Jessica Mason Pieklo

The deadline of August 22 was announced in a status report filed by the administration with the U.S. Court of Appeals for the Tenth Circuit.

The Obama administration announced it plans to issue new interim rules to accommodate those religious nonprofits that object to complying with the birth control benefit under the Affordable Care Act by August 22.

The statement was part of a status report filed by the administration with the U.S. Court of Appeals for the Tenth Circuit in connection with a handful of legal challenges by religiously affiliated nonprofits like Little Sisters of the Poor currently before the federal appeals court. The administration told the appeals court it was issuing the new rules in light of the U.S. Supreme Court’s order in the Wheaton College case, which held the evangelical Christian college out of Illinois did not have to complete the paperwork required to qualify for the accommodation because filling out the paperwork substantially burdened the college’s religious beliefs. The Wheaton College order came just after the Roberts Court ruled closely held for-profit companies could object to the contraception benefit on religious grounds as well, relying in part on the existence of the nonprofit accommodation to support its conclusion the Obama administration had other less restrictive means of providing contraceptive coverage for workers.
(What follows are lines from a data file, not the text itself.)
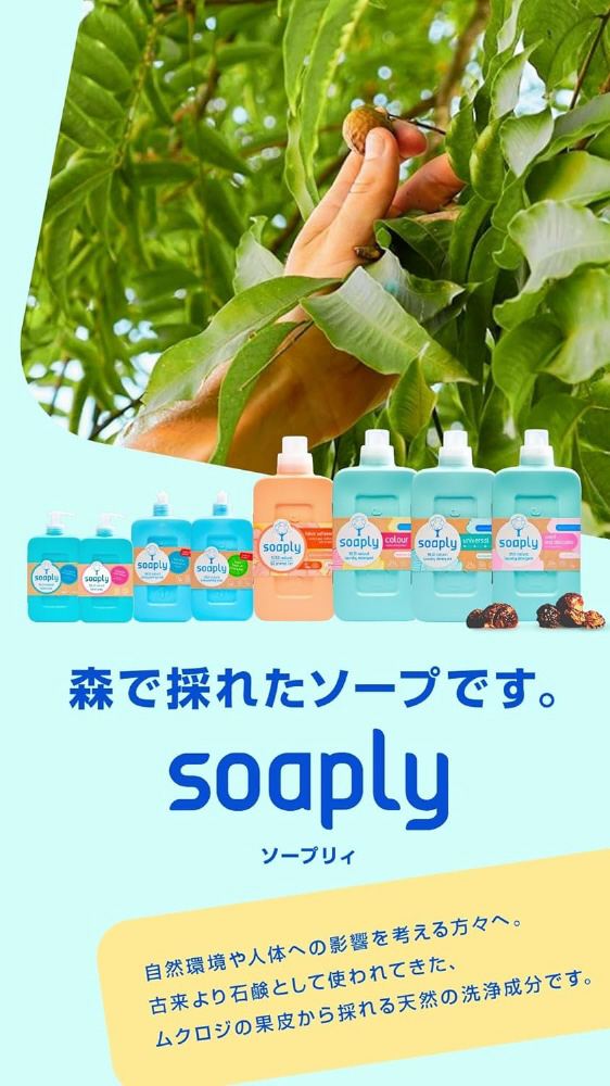 オランダ生まれのエコ洗剤“soaply(ソープリー)”は、2017年 石油由来成分の代替えとして使用できるソープナッツ(ムクロジ)をほぼメイン成分とした
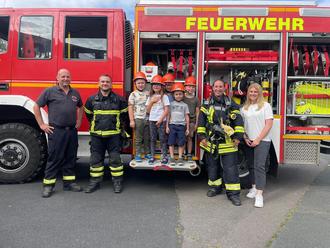 Daraufhin konnten die jüngeren Kita-Kinder in die Einrichtung zurückkehren, während für die älteren eine Brandschutzerziehung folgte. Allerdings nicht, bevor sie eine Runde in dem großen Feuerwehrfahrzeug drehen durften. Sie lernten unter anderem den Unterschied zwischen „gutem“ und „schlechtem“ Feuer, erfuhren, was Feuer braucht, damit es entsteht und brennt, erhielten eine praktische Einweisung in das Löschen eines echten kleinen Feuers und wurden an die Notrufnummer 112 erinnert.
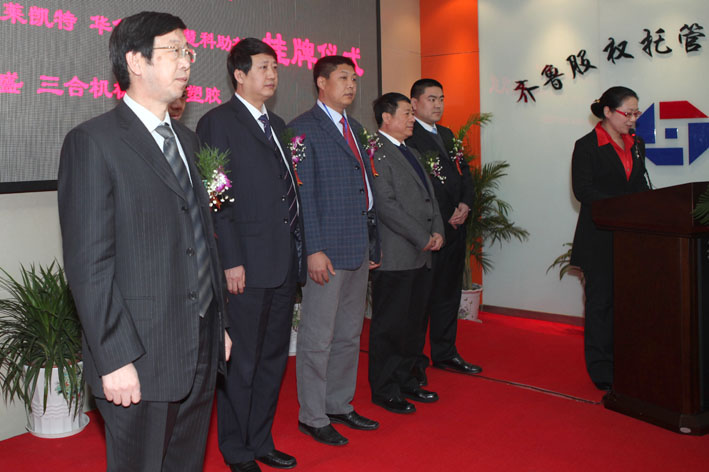 2010年12月29日,淄博齊魯股權(quán)托管交易中心舉行隆重的揭牌儀式,同時(shí)我公司也在齊魯股權(quán)托管交易中心正式開鑼運(yùn)營,“惠工電氣”做為齊魯股權(quán)托管交易中心首批掛牌交易企業(yè),正式開盤交易。省金融辦主任李永健,淄博市委副書記、市長周清利,市委常委、副市長王頂岐,高新區(qū)管委會(huì)副主任牛圣銀等領(lǐng)導(dǎo)參加了此次掛牌儀式。

In its status report, the Obama administration suggested that whether or not the legal challenges continue after the new rules are announced will be entirely up to the plaintiffs, and asked they notify the court by September 2 of their intentions to either continue or drop their challenges.

Meanwhile, a different federal appeals court ruled that Fresh Unlimited Inc., the parent company of the secular for-profit Freshway Foods, won’t have to provide contraception coverage for its employees. The one-page order in the Gilardi v. the U.S. Department of Health and Human Services case is believed to be the first to apply the Supreme Court’s Hobby Lobby decision. The order sends the case back to the district court, according to news reports, with instructions to issue an order that grants an exemption and to consider whether to extend it to the Gilardis individually.